Out of curiosity...why not Ido?
od uživatele Aubright ze dne 1. ledna 2013
Příspěvky: 56
Jazyk: English
sudanglo (Ukázat profil) 4. ledna 2013 21:38:59
Machine translation is already surprising good now, and will only get better in the future.
To affect people's attitudes to the concept of an constructed IAL as a solution to the language problem, the automatic translations don't have to be perfect, just good enough.
When it comes about that you just have to download the appropriate app into your smart phone, in order to have a conversation with someone who doesn't speak your language, then people won't see the point of spending six months learning Esperanto (or for that matter any other language, natural or artificial).
Vilius (Ukázat profil) 4. ledna 2013 21:49:01
Paulinho (Ukázat profil) 4. ledna 2013 22:37:21
erinja (Ukázat profil) 5. ledna 2013 23:36:05
Vestitor (Ukázat profil) 6. ledna 2013 2:25:08
erinja:Whoever would like to discuss machine translation should probably start a new thread to do it.I'd lime to, so it's here.
Paullen (Ukázat profil) 3. ledna 2015 19:54:09
Christa627 (Ukázat profil) 3. ledna 2015 21:17:25
Paullen:English is a severe mass of confusion to be trying to inflict upon the worlds. I find it a very difficult language to learn, and this is coming from American English native speaker.I totally agree!
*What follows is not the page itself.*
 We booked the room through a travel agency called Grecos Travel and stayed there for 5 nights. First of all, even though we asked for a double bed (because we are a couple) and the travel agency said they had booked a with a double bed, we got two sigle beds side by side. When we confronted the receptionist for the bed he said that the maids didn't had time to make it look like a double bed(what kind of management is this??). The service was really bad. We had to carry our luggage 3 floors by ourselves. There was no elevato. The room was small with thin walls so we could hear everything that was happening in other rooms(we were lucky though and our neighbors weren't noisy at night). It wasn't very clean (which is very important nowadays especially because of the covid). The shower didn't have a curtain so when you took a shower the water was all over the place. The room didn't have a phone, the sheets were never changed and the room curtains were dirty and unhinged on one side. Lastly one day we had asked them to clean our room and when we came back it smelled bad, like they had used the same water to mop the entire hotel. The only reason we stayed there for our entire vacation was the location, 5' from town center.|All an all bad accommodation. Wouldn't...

I remember as a kid lying awake at night thinking about all the bothersome irregularities in English; how if we have mouse/mice and louse/lice, then we really ought to have house/hice, and douse/dice! Or better yet, just say mouses and louses and dies. And there were other things of this nature; irregular verbs and nouns and stuff. That is why, when I read that Esperanto doesn't have those things, I didn't care about who speaks it or what they use it for. I just felt like I'd found what I was looking for all my life, and started learning it as fast as I could!
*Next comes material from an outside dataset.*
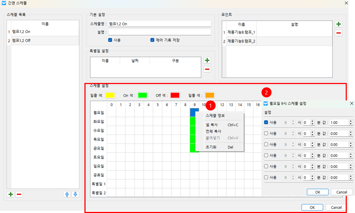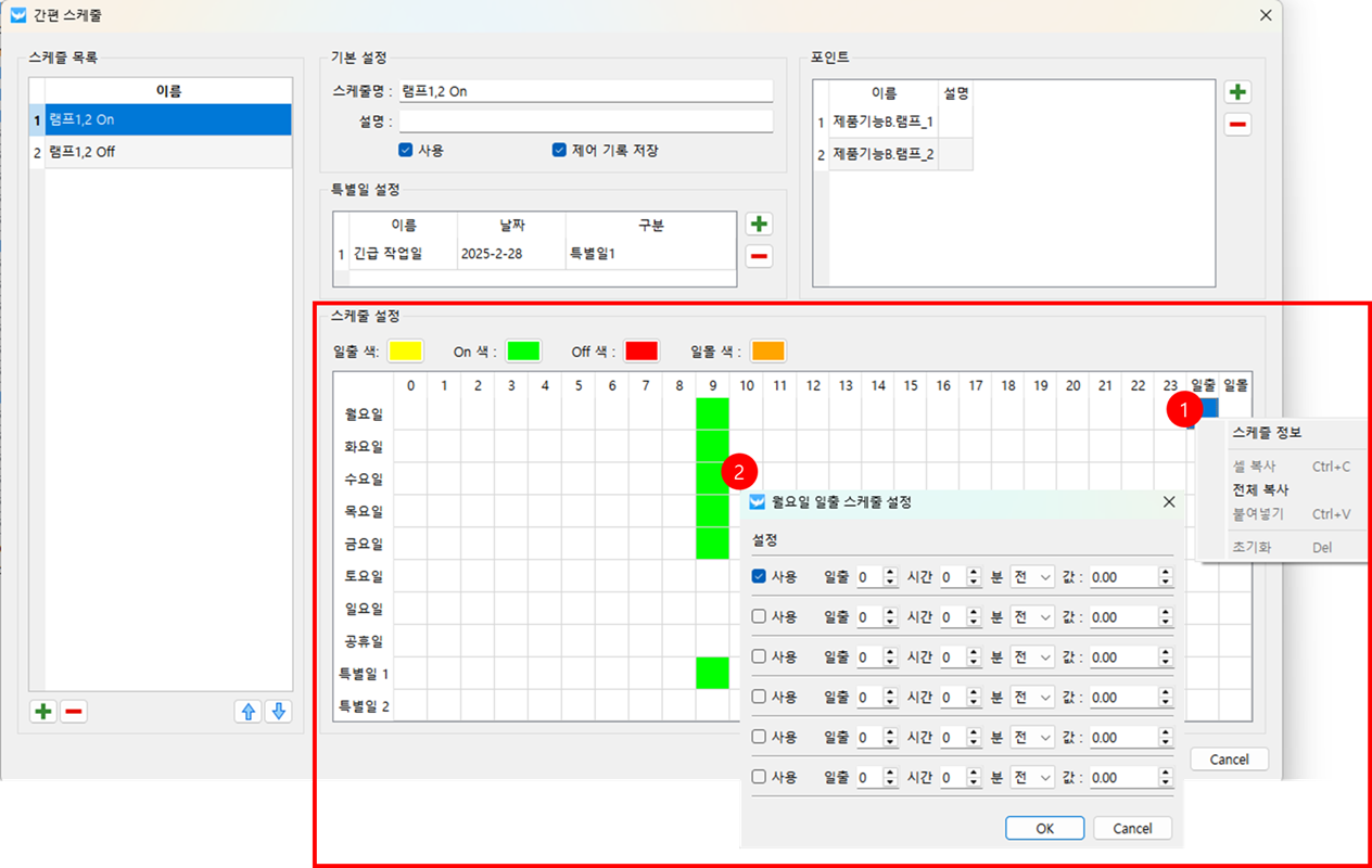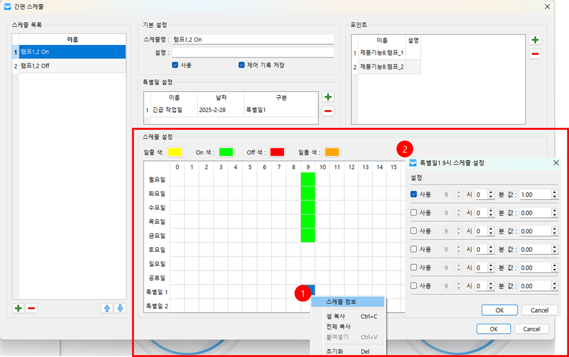 특정한날에 일정을 추가하고 싶은 경우 특별일 설정 화면에서 특별일을 먼저 추가하고 추가한 특별일1 혹은 특별일2의 원하는 시간에서 마우스 우클릭 후 스케줄 정보를 클릭하여 스케줄 정보를 입력합니다.

I also agree with Erin's assessment of Ido as silly-looking; I some time back out of curiosity went to the Ido Wikipedia, to see what the language looks like, and thought that it looked like an odd mixture of languages. I think the main culprit for that was the -ar ending for infinitives; it just looks so Spanish to me. There were some other things I identified as contributing to that impression, but I don't remember what they were now. I also went to the Interlingua Wikipedia, and had a similar impression. I could understand quite a bit of the content, but found it somewhat tiring (of course, as it is a different language, after all!).
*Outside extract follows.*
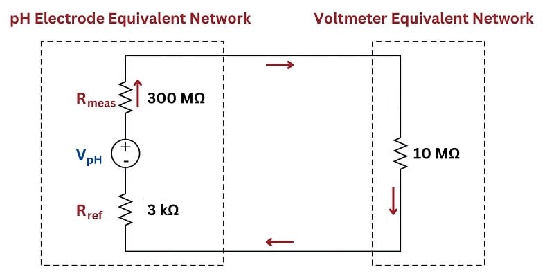 Тільки невелика частина напруги скляного електрода (VpH) буде фактично помітна на клемах вольтметра через цей ефект навантаження. Ми можемо розглядати внутрішній опір вольтметра 10 МОм як один опір мережі дільника напруги, причому два опори пробника є двома іншими опорами дільника:

But when I went to a Volapük website, I had a different impression. I couldn't understand it at all, but I though it had a more coherent appearance. It looked like something that might be a "natural" language. Maybe it was just because it was less familiar; a person who speaks only Chinese or some other language that has very little lexical similarity to European languages might have the same impression of Ido or Interlingua as I had of Volapük. I couldn't say.
All I can say is that in my humble opinion, Esperanto's aesthetics are better than those of Ido or Interlingua; I think it looks more natural and coherent.
Nephihaha (Ukázat profil) 4. ledna 2015 1:40:40
Nephihaha (Ukázat profil) 4. ledna 2015 2:09:08
Oijos:You are seriously out-of-date. The language that will dethrone Esperanto is not eurocentric.European grammar aside, Eurocentrism is not a crime here. European vocabulary is used on EVERY continent incl Asia and Antarctica. Even in East Asia, cities such as Vladivostok and Singapore use European languages.
It will be so called worldlang.
worldlang
sudanglo (Ukázat profil) 4. ledna 2015 14:21:48
Imagine a language where every object has to have a sex. Any armchair theorist would be bound to say that such language as no chance. Yet somehow French has survived, was even for a time the lingua franca.
The Idists went charging off down a blind alley, didn't understand the nature of language. The point was that Esperanto's formal features were already adequate and the language already simple to learn by a substantial enough factor compared to the natural languages.
The competitive threats faced by Esperanto are not other conlangs. They are 1. English (no of speakers) and 2. machine translation (convenience). And of those two I would rate machine translation as perhaps the most threatening.
Incidentally, just recently on Radio 4 there was a demonstration of real-time machine translation of a conversation, with one party speaking in English, then translated to Spanish, and the other party's replies in Spanish, then translated to English.
Esperanto's big problem is number of speakers, not formal features. And to persuade large numbers of people to learn it, faced with the convenience and ever-growing sophistication of machine solutions to the language problem is going to require the Esperantists to sharpen their arguments to address that threat head on.